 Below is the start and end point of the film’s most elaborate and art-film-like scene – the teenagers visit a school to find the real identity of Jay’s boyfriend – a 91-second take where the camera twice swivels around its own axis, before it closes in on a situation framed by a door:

...

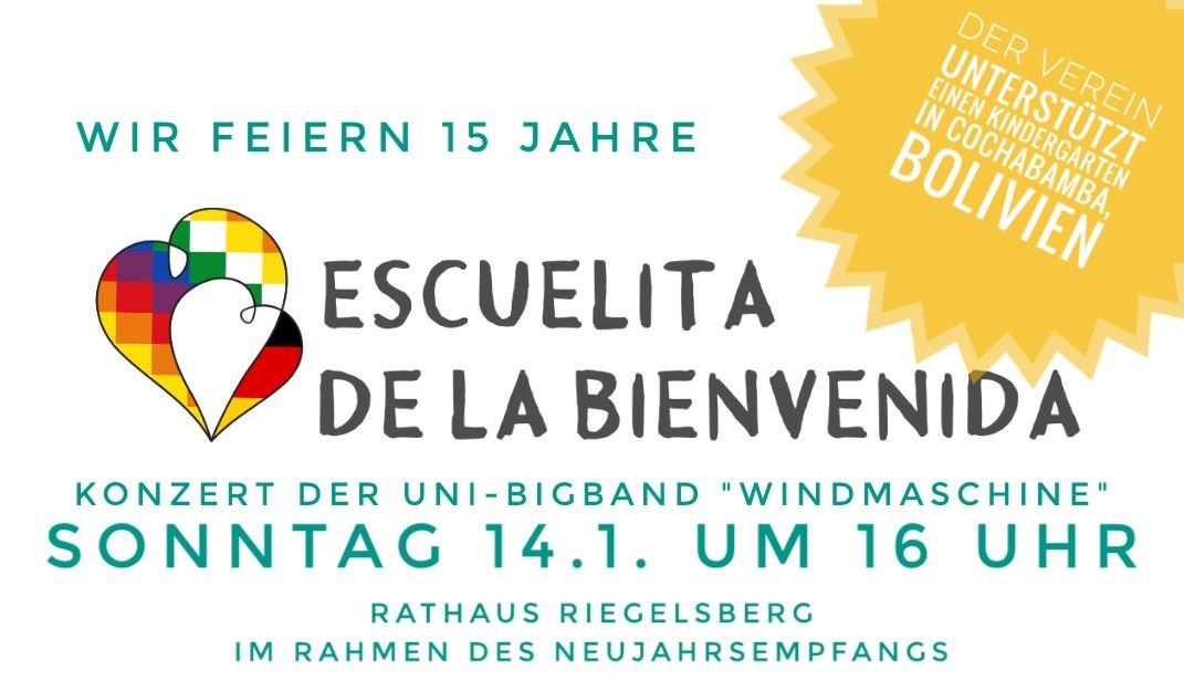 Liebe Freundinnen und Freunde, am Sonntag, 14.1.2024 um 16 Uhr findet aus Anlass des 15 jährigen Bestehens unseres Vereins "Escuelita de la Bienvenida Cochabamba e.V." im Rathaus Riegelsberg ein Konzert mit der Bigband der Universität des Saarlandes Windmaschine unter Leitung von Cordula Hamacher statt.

--

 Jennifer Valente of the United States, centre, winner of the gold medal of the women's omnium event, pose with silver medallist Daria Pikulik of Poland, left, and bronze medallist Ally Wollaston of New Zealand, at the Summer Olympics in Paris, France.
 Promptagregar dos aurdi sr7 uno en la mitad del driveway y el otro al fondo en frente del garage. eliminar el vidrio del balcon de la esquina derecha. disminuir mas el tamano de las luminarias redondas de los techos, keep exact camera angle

* **Task item**:
Retype, in the same exact form, the lines of the material above from the line holding "Jennifer Valente of" through the line holding "Promptagregar dos aurdi".

* **Solution to this task**:
 Jennifer Valente of the United States, centre, winner of the gold medal of the women's omnium event, pose with silver medallist Daria Pikulik of Poland, left, and bronze medallist Ally Wollaston of New Zealand, at the Summer Olympics in Paris, France.
 Promptagregar dos aurdi sr7 uno en la mitad del driveway y el otro al fondo en frente del garage. eliminar el vidrio del balcon de la esquina derecha. disminuir mas el tamano de las luminarias redondas de los techos, keep exact camera angle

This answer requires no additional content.